Scott began pre-production of “Black Box” in early May 2020 during his gap year between high school and college. Although he wrote the script himself, he thanks his friend and fellow student Jack Tanzy for helping him find the premise for the film.

“[Tanzy] and I started writing these terrible, horrible ideas, ”Scott said. “We were going through those ideas and, ultimately, we came to the climax of the ‘Black Box’. We just started to go back from there, describing everything in Post-its around my room.

After Mary Langhorn, played by University of Southern California sophomore Maaya Shaw, the adventure comedy portrays her desire to break away from social life. After discovering two DVDs that reveal the path of an artifact called “Black Box”, Mary, her boyfriend Pierce Dalton, played by Texas A&M senior Thomas Land and her brother Eddie, played by Texas A&M student Owen Dunston, set off for the ‘adventure to find this.

The cast also includes McKay Parker, a junior from Auburn University, as Jessica Keetler and actor William Jackman as Pheonix Keetler.

Scott has been directing films for 13 years, all of which are featured on his YouTube channel “Golden Sword Films”. He became interested in filmmaking after his father gave him a clamshell video camera, and then he eventually learned video editing with iMovie.

Although he regularly creates short films, “Black Box” runs for 53 minutes, making it his first feature film. Before “Black Box,” Scott’s longest film was 18 minutes long, and he said that because his last film is longer, the casting process was difficult.

“The very first day I kind of used it as a litmus test to see if these people really wanted to finish the movie seriously, and I was proven to be wrong,” Scott said. “I’m cynical and I was like, ‘Dang, I didn’t think they were going to care,’ but they do. They really cared. “

Scott said he and the company considered the time commitment to be the most difficult part of production, as the production process took three to four months of continuous filming during the summer of 2020.

“With a student-directed film where there’s absolutely no budget and no one is really getting paid, it’s difficult,” Land said.

Above all, however, Scott said the defining factor of the film was the passion they shared for the film and its completion.

“I loved the people who came on board,” Scott said. “I’ve never worked on a project where – and it sounds bad but it’s true – people really wanted to be there. “

Prior to “Black Box,” Shaw’s acting experience consisted entirely of performing on stage at Highland Park High School, which Shaw had previously attended. After his theater released the casting call for Scott’s film, Shaw got involved.

“Everyone was there because they had a reason to be there,” Shaw said.

Scott spent almost a year editing the film before it was ready to be screened. Her movie caught The Angelika’s attention as he was chatting with someone from the University’s Union Starbucks, and someone overheard them talking and stepped in.

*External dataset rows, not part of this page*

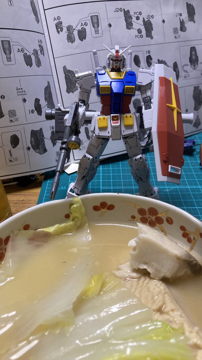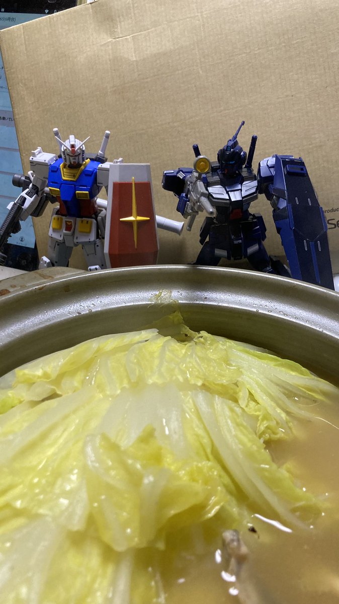 ペイルライダーに鍋の煮え具合の相談を受けるガンダム #ガンプラ #ガンプラはどんな自由な発想で作ってもいいんだ #素組み墨入れのみ #ガンプラ好きと繋がりたい #ガンプラの画像貼るとRTされると聞いて #ガンプラ好き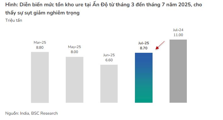 (ii) Nhu cầu tăng mạnh từ Ấn Độ: Nhờ thời tiết thuận lợi và diện tích gieo trồng tăng mạnh trong mùa mưa, nhu cầu ure tại Ấn Độ phục hồi mạnh. Tuy nhiên, các đợt thầu ure hiện tại chỉ đạt 70–75% kế hoạch, buộc nước này phải tổ chức thêm nhiều đợt thầu trong quý III–IV, góp phần giữ giá ure ở vùng cao. Bên cạnh đó, Ấn Độ đang đối mặt với tình trạng tồn kho ure ở mức thấp, tính đến ngày 1 tháng 7/2025, tồn kho ure của Ấn Độ chỉ còn 6.6 triệu tấn, giảm mạnh 40% so với cùng kỳ năm 2024 khi mức tồn kho đạt 11 triệu tấn.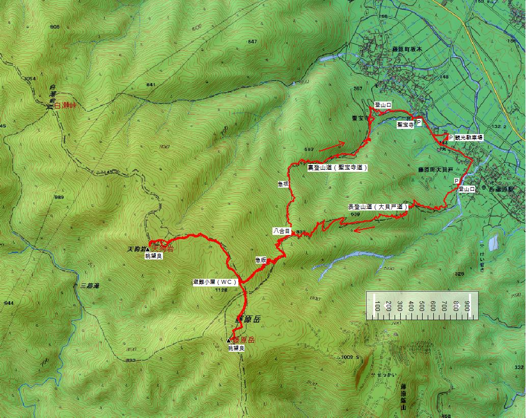登山口付近にはいくつか駐車場がありました。とりあえず、本にも書かれていた藤原西小学校前の観光駐車場に車を停めます。ご覧のとおり広い駐車場でトイレもあり、登山靴洗浄用の水道もありました。朝の8時頃でしたが駐車場はガラガラ。梅雨の真っ最中ですもんね。 |

“I went for coffee with this guy and contacted a guy who works at The Angelika, and then I met this guy and we negotiated a price,” Scott said. “I never contacted the other guys again, but they did help me get to the screen.”

Parker, who grew up with Scott, said she was excited about Scott after watching him produce videos in high school with his “gift for creating stories.”

“The art of it all is that Michael did it all himself,” Parker said. “I just hope people see even with a budget, not a ton of time and a bunch of different personalities, he was able to create something.”

“Black Box” will screen at Angelika Dallas on December 15th at 7 pm. Tickets cost $ 10 and can be purchased online at eventbrite.com/e/black-box-premiere-tickets-173840691187.